В третью неделю Великого поста выгорела Москва. Бездомный люд бродил по городу, рылся в головешках в надежде отыскать, что уцелело от огня.
Ночами, когда горела Москва, в Китай-городе и в Кремле было светло как днем. Шляхта веселилась, ругалась и спорила, делила добычу и бахвалилась. Пировали в боярских хоромах, царских и митрополичьих палатах, монастырских трапезных и на подворьях, взламывали амбары и кладовые…
Затворившись в молельне, Мстиславский крестился истово, отбивал поклоны перед образами, шептал:
— Прости, Господи, коли повинен я. Но не желал смертоубийства и не по моей подсказке Москву пожгли. Не я ль к миру взывал? Ан не приял люд мои увещевания. Пожарский гордыней обуян. Кабы он к послушанью склонился, может, и не случилось такого разора…
Багряные языки плясали на стенах молельни, отражались в иконах, розовым цветом светились лики святых. Страшно князю Федору Ивановичу суда людского, но еще страшнее суда Всевышнего. Ведь не миновать его, как не миновать всяк живущему, когда пробьет смертный час. Но отчего забывает человек о том? В суете сует мысли о земном…
И снова думы потянули князя на круги жизни: отчего Москва Владислава не приемлет? Может, ляхи в том повинны? Вели себя ровно разбойники, бесчинствовали, даже к боярам без почтения и к Церкви Православной. Ко всему своенравство Гермогена. В проповедях ляхов проклинает, а с ними и короля.

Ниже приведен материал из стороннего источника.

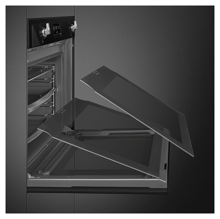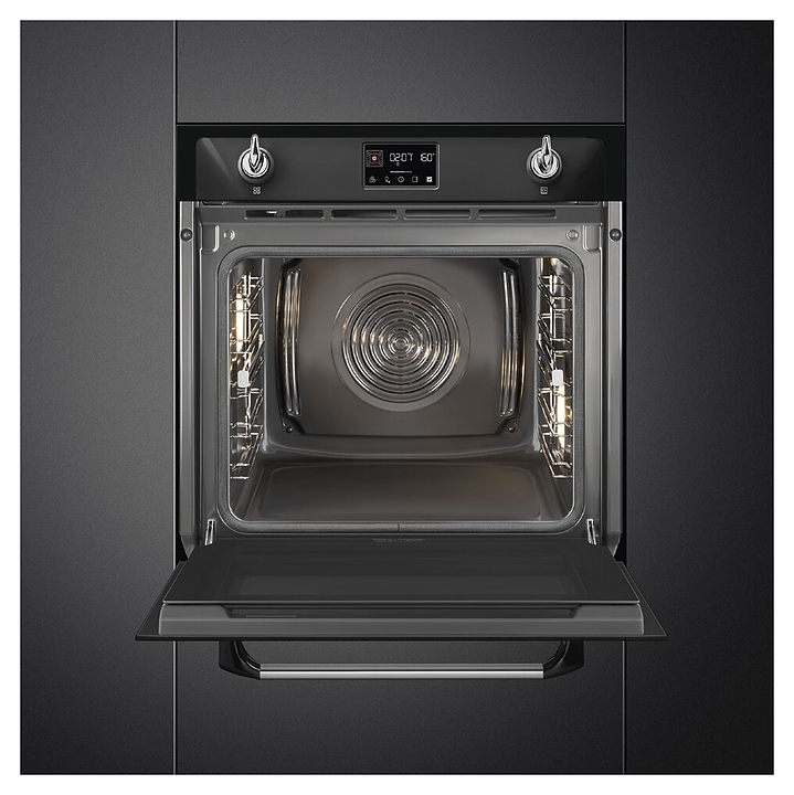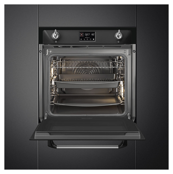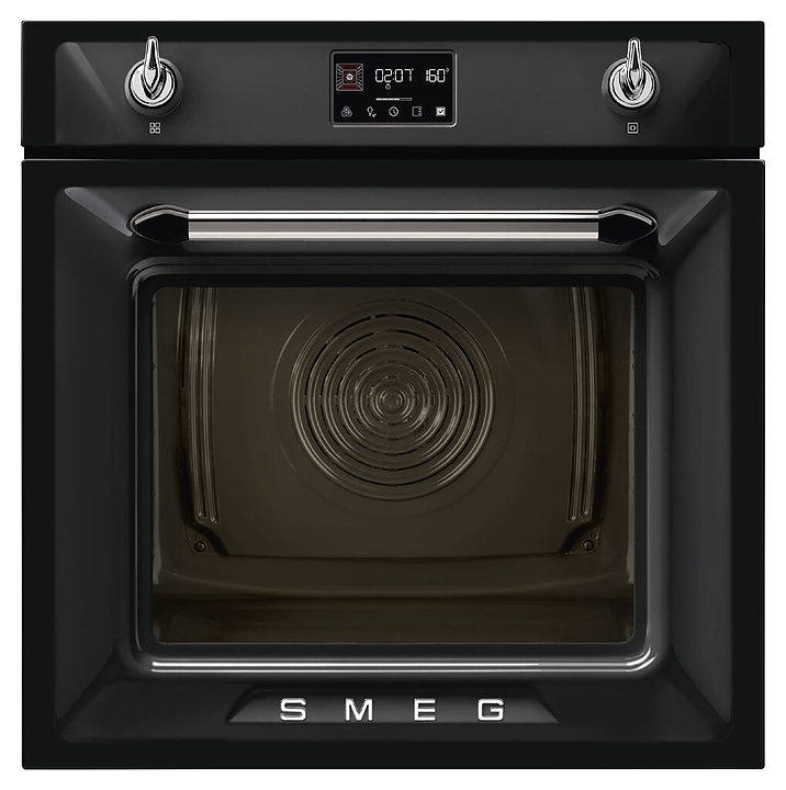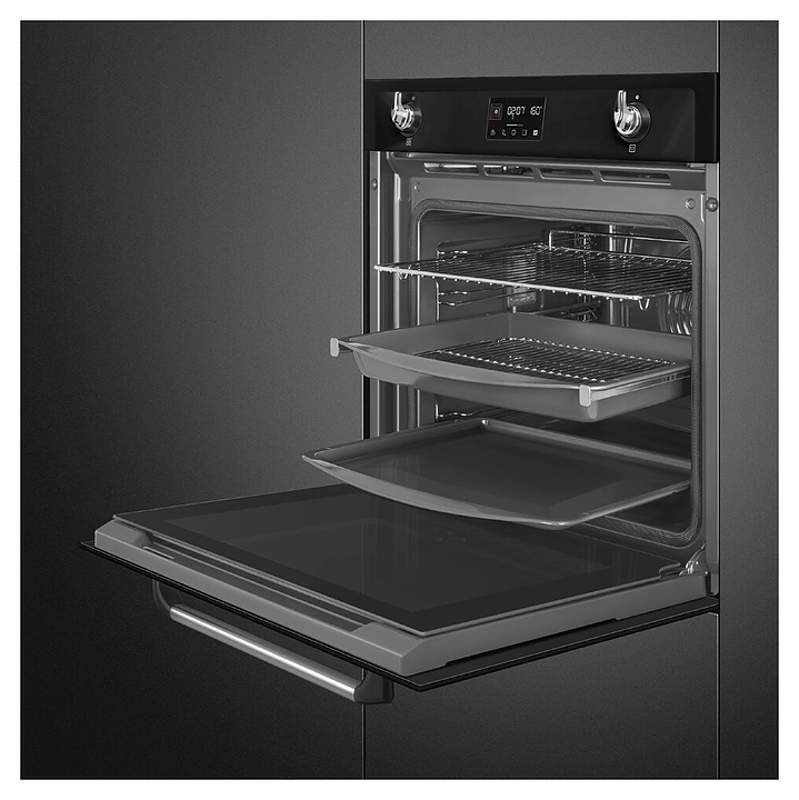 Электрический духовой шкаф SMEG SOP6902S2PN предназначен для приготовления большого ассортимента блюд в домашних условиях. Модель оснащена рабочей камерой GALILEO с верхним и нижним нагревательными элементами, грилем, расположенными в задней стенке кольцевым нагревателем и вентилятором, парогенератором, 2 съемными стойками с 5 уровнями направляющих для противней, откидной дверью с прямоугольным смотровым окном и трубчатой горизонтальной рукояткой, панелью управления с 2 поворотными переключателями и цветным жидкокристаллическим дисплеем (EVO Screen). Корпус выполнен из высококачественной стали, фронт с фактурными выпуклостями на верхней панели и двери – из стали с покрытием черной эмалью и остеклением окна прозрачным стеклом, фурнитура – из металла с сатинированной серебристой поверхностью, держатели рукоятки –из пластика с черной поверхностью, противни – из эмалированной стали, стойки с направляющими и решетки – из нержавеющей стали.

Скрипнула дверь, заглянула княгиня:
— Гонсевский со Струсем в горнице.
— Вели вина подать, — недовольно сказал Мстиславский и пошел к гостям.
Скинув кунтуш, Гонсевский мерил горницу шагами, а Струсь, усевшись на лавку, вытянул ноги, зевал. При появлении князя гетман остановился, сказал с укором:
— Не ты ль, боярин, сулил усмирить москалей словом, да едва ретировался? А кто, как не ты, уговор с коронным подписывал?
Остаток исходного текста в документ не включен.